Via Maud Newton's blog.



The guidelines are still up, even though the contest was canceled. They include the line "Each manuscript must be accompanied by a nonrefundable submission fee of $25.00." And later "The decisions of Zoo Press as to eligibility are final. Zoo Press reserves the right to withhold the Award in any given year."



In most of these contests, the presses reserve the right not to select a winner if the judge feels that none of the entries is suitable. For instance, the guidelines for The Paris Review Prize (coordinated and published by Zoo) also state that "The decisions of Zoo Press as to eligibility are final. Zoo Press reserves the right to withhold the Award in any given year." The same is true of the many of the contests on this list.
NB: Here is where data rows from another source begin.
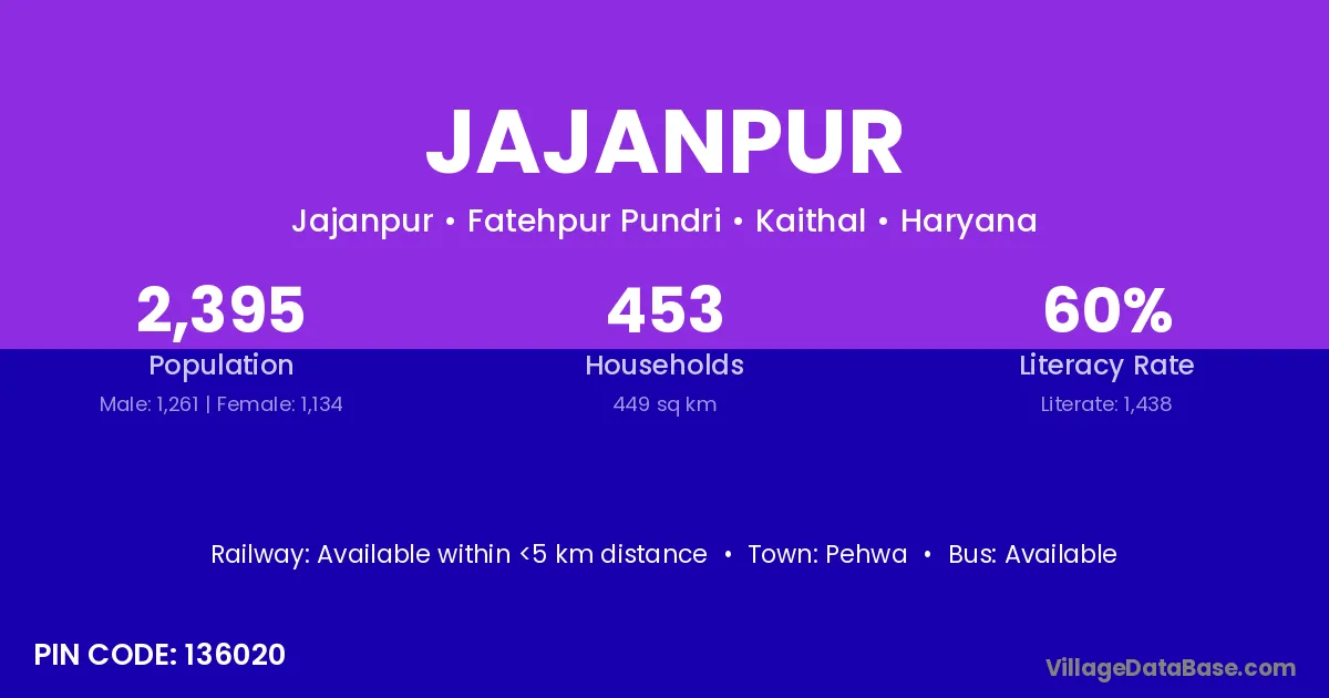 The literacy rate of Jajanpur village is 61.15%. Male literacy stands at 68.48% and female literacy at 53.31%.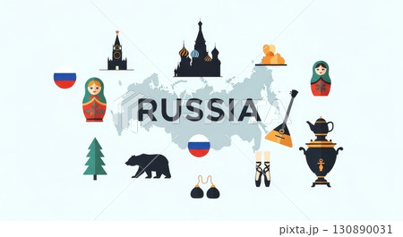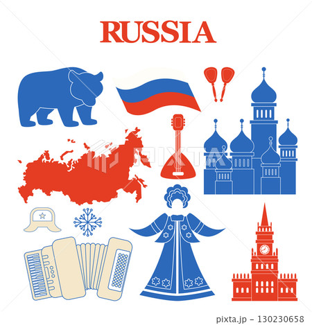 Collection of colorful icons representing Russia including bear map of the country balalaika accordion traditional clothing vector set captures the key cultural and national symbols illustration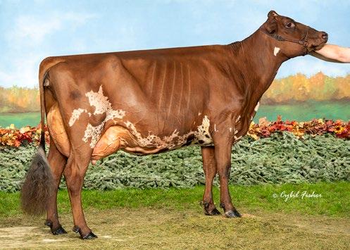 Rio x EX90 Sarge x EX90 OJ x VG89 Herman 5x All-American Honoree. Dam of Reagan Vivid EX93, Nom AA 5YO ‘23 & winning Aged cow at ESE & NSS ‘24.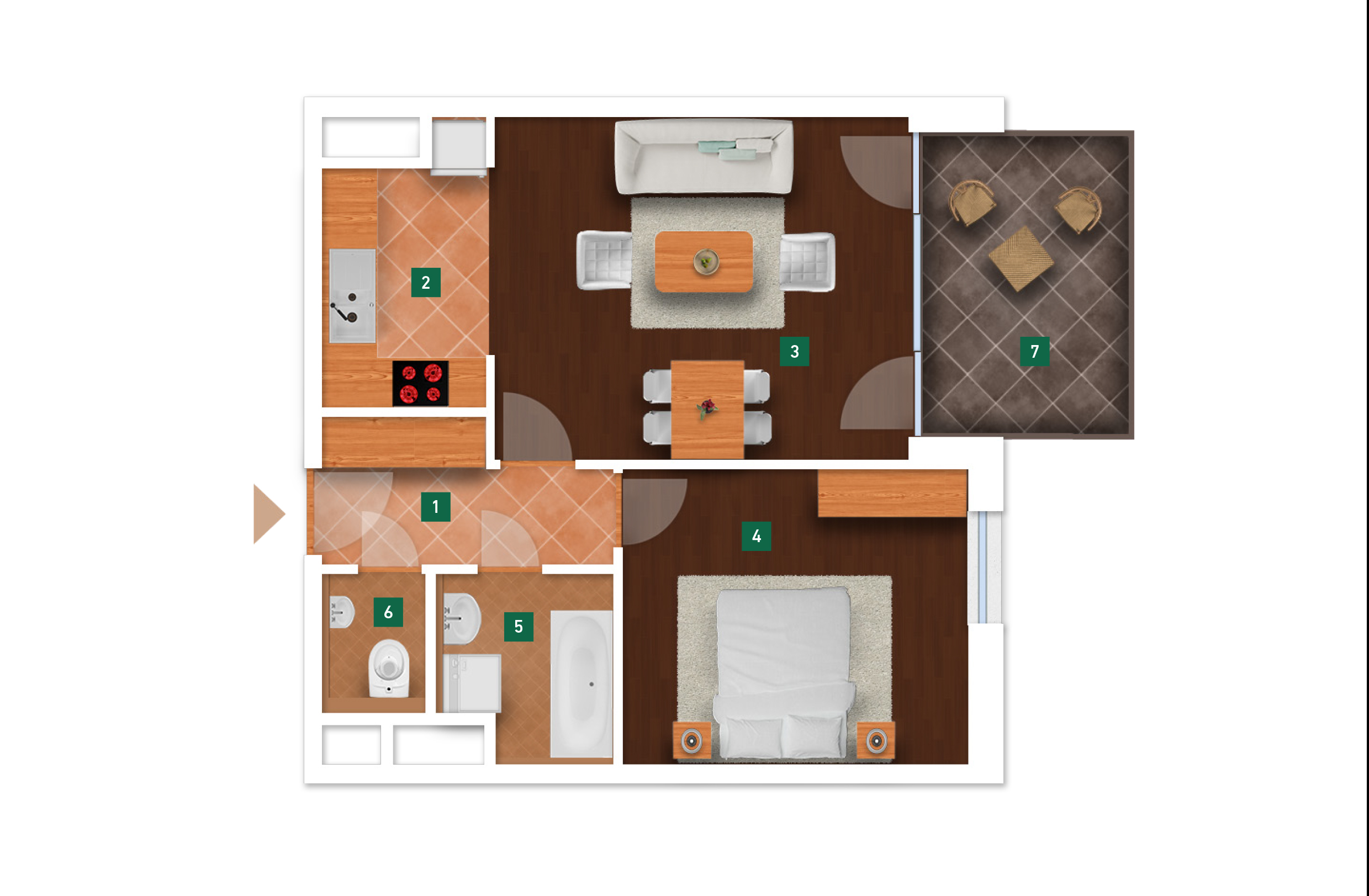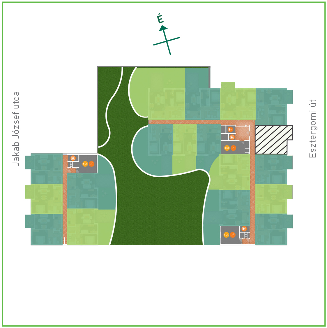 Az adatlapon megjelölt alaprajzi méretek vakolatlan falak közötti méretek, a kivitelezés során kismértékű méretváltozás lehetséges. Ezen dokumentációban közölt adatok a kiviteli tervek alapján kerültek megállapításra kizárólag tájékoztató jelleggel, nem minősülnek ajánlattételnek. Az alaprajzon feltüntetett bútorok tájékoztató jellegűek, azok rajzi elhelyezése nem feltétlenül tükrözi azok jövőbeni elhelyezhetőségét, illetve azok nem képzik a lakás részét.

A policy like this is really pretty standard, and I can recall other occasions where no winner was selected by other presses in other contests.



Even without the cost of producing a winning book (and paying $5000 to the winner), Zoo still had to pay their contest coordinator, their readers, the judge, and their own staff and contest-related advertising costs. They also "lost" the revenues they'd projected from the sale of the winning volume. So even if they hadn't stated their no-refund policy beforehand, from a practical standpoint a FULL refund for every entrant seems impossible.



But perhaps with the scratch from the new Jeff Tweedy book Zoo could at least pick up the shipping charges as a placating gesture? Then again, poets who don't win the other contests Zoo administers get zip, nada, nothing. Hmm.